College recruiting information
| Name | Hometown | School | Height | Weight | Commit date |
| Benjamin Morrison CB | Phoenix | Brophy Prep | 6 ft 0 in (1.83 m) | 172 lb (78 kg) | Jul 15, 2021 |
Recruit ratings: Rivals: 247Sports: ESPN: (80)

==College career==
===2022 season===
Morrison earned immediate playing time in his true freshman year at Notre Dame in 2022. He made his collegiate debut on September 3, 2022, against Ohio State, collecting three total tackles and a pass deflection. Against California on September 17, Morrison made his first career start by tallying three tackles. He had his first two career interceptions in an upset victory over Clemson on November 5. Two weeks later, on November 19, he had three interceptions against Boston College, tying the NCAA single-game record. In the 2022 Gator Bowl, Morrison added his team-high sixth interception of the season against South Carolina.

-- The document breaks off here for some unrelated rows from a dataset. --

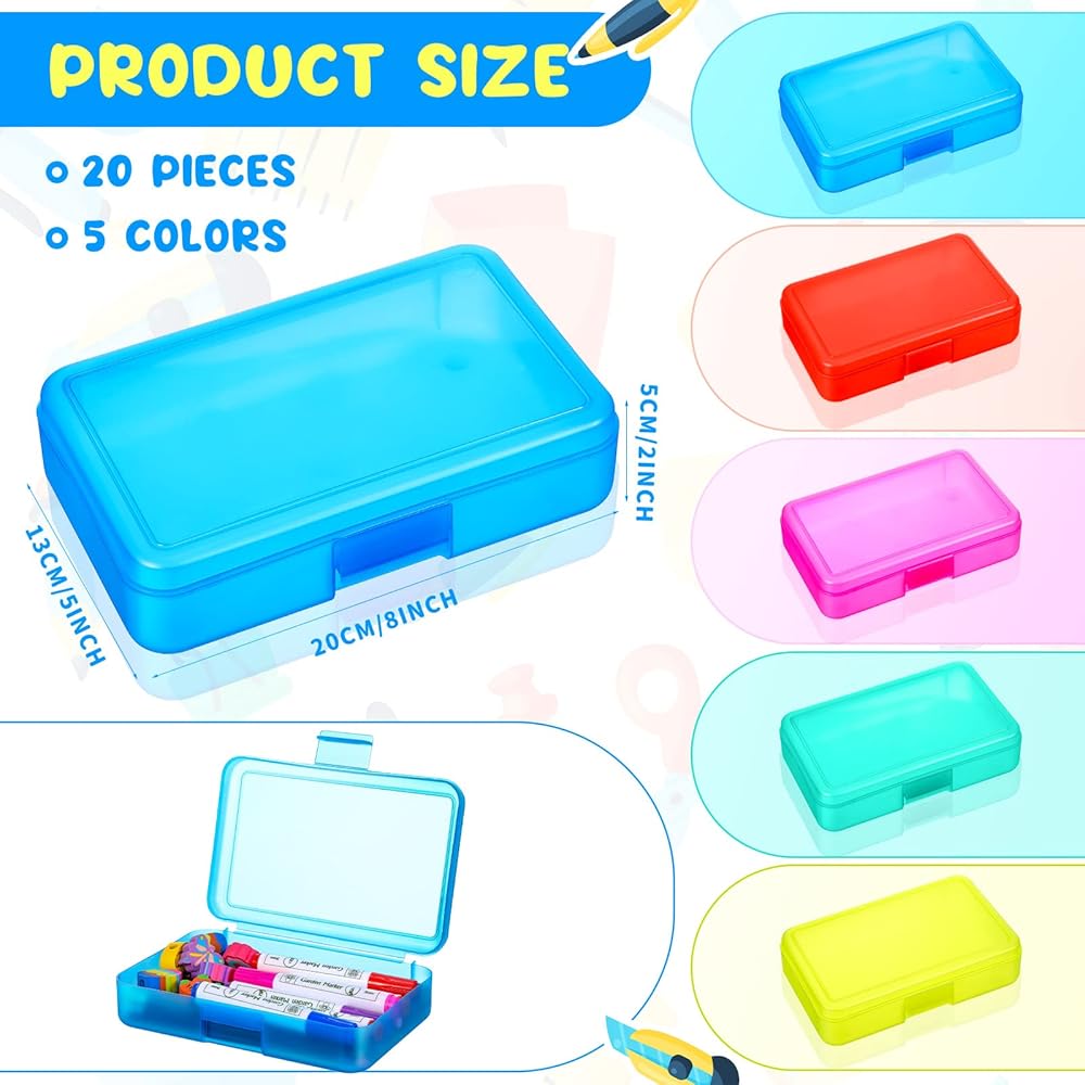 You will get 20 pieces of transparent pencil box cases, adequate quantity and rich colors can meet your variety of daily use and replacement needs, you can also share them with you friends or others.
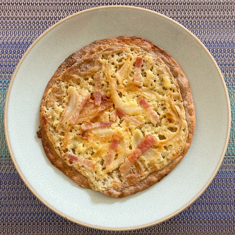 フランス北東部・アルザス地方の薄焼きピザ、タルトフランベ。そば粉の生地にフロマージュブランとわさびを使用。外周はバリっと硬め。そばとわさびの風味、極薄の生地に甘いたまねぎとベーコンが良い。わさびの辛みは控えめでした。
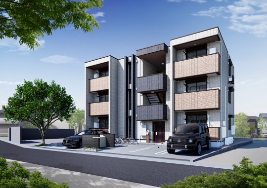 バルコニーは袖壁を用いて躍動感を感じさせるシルエットに。新色のオーダリーブラックを使った2本の柱が建物のファサードを引き締め、温かみの中にクールな一面を感じさせる配色が印象的です。
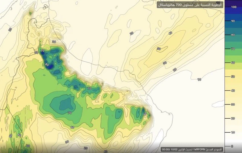 طقس العرب-تشير نماذج التنبؤات العددية إلى احتمالية تشكل سحب محلية على جبال الحجر يومي الأربعاء والخميس تؤدي لهطولات متفرقة لاجزاء من مناطق الحجر خصوصاً الغربي وجبال محافظة مسندم. أضف خبرك من هنا
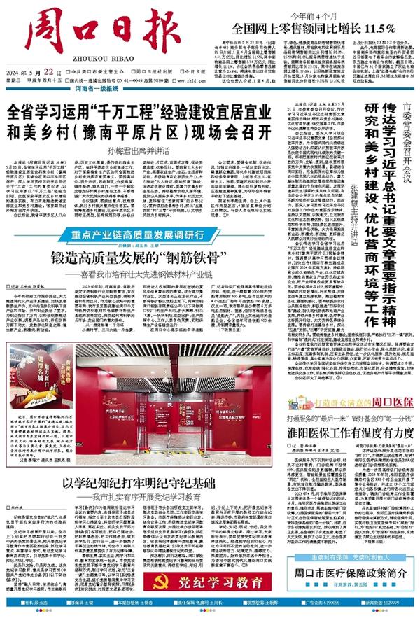 会议传达学习全省学习运用“千万工程”经验建设宜居宜业和美乡村(豫南平原片区)现场会精神,强调要认真学习贯彻会议精神,加快出台《周口市率先建成农业强市2024年实施方案》,持续培育乡村优势特色产业,优化区域布局,精准培育农业产业园区和龙头企业,把产业增值收益更多留给农民。要持续深化农村人居环境整治,围绕农村垃圾清运、污水治理、户厕改造等建立长效机制,推动整治常态化、管理长效化。要持续提升农村公共服务能力,积极推进“四好农村路”建设,加快现代物流和电商产业发展,持续开展乡村教育、医疗事业达标提升行动,大力支持医养结合发展。要持续打造善治乡村,深化“五星”支部、“三零”平安创建,着力培育文明乡风。要统筹推进乡村建设,坚持规划引领,严格执行“三不一慎”原则,科学编制“通则式”村庄规划,建设宜居宜业和美乡村。

Morrison finished the season with 33 tackles (22 of them solo), four pass breakups, six interceptions, and a pick-six. He was named Freshman All-American by On3.com, College Football News, Pro Football Focus. He was also named True Freshman All-American by The Athletic, 247Sports, ESPN, and by the Football Writers Association of America (FWAA).

===2023 season===
Morrison was named a preseason All-American by NBCSports, FWAA, and ESPN. On June 9, 2023, Morrison was named the fourth best cornerback in college football. He was also placed on the watchlist for the Bronko Nagurski Trophy, the Jim Thorpe Award, and the Chuck Bednarik Award. On September 19 against NC State, Morrison caught his first interception of the season. He also added three solo tackles in a 45–24 victory. In a game against No. 10 USC, Morrison intercepted Caleb Williams, setting up Audric Estimé for a one-yard touchdown run. The Fighting Irish would end up upsetting Williams and the Trojans, 48–20. Morrison would then be ruled out of Notre Dame's game against Pittsburgh due to a quad injury. On November 1, Morrison was named a semifinalist for the Jim Thorpe Award.

=== 2024 season ===
Morrison was once again named a preseason first team All-American by ESPN and The Sporting News. He totaled 20 tackles and four pass breakups in Notre Dame's first six games, including five tackles and two pass breakups in a win against Louisville. Morrison's season was cut short by an injury to his hip sustained in the Irish's 49-7 win over Stanford, which required season-ending surgery. He entered the 2025 NFL draft after Notre Dame's run to the CFP National Championship Game, where they lost to Ohio State.

===College statistics===

Year: Team; Games; Tackles; Interceptions; Fumbles
GP: GS; Solo; Ast; Cmb; TfL; Sck; Int; Yds; Avg; TD; PD; FR; FF; TD
2022: Notre Dame; 13; 9; 22; 11; 33; 1.0; 0.0; 6; 97; 16.2; 1; 4; 0; 0; 0
2023: Notre Dame; 12; 11; 25; 6; 31; 3.5; 0.0; 3; 14; 4.7; 0; 10; 0; 0; 0
2024: Notre Dame; 6; 6; 14; 6; 20; 0.0; 0.0; 0; 0; 0; 0; 4; 0; 0; 0
Career: 31; 26; 61; 23; 84; 4.5; 0.0; 9; 111; 12.3; 1; 18; 0; 0; 0

==Professional career==

Morrison was drafted by the Tampa Bay Buccaneers with the 53rd overall pick of 2025 NFL draft.

Pre-draft measurables
| Height | Weight | Arm length | Hand span | Wingspan | Bench press |
| 6 ft 0+1⁄4 in (1.84 m) | 193 lb (88 kg) | 30+3⁄8 in (0.77 m) | 9+1⁄4 in (0.23 m) | 6 ft 3+7⁄8 in (1.93 m) | 17 reps |
All values from NFL Combine/Pro Day

==Personal life==
His father, Darryl Morrison, played in the NFL. He has four siblings that also competed in college sports.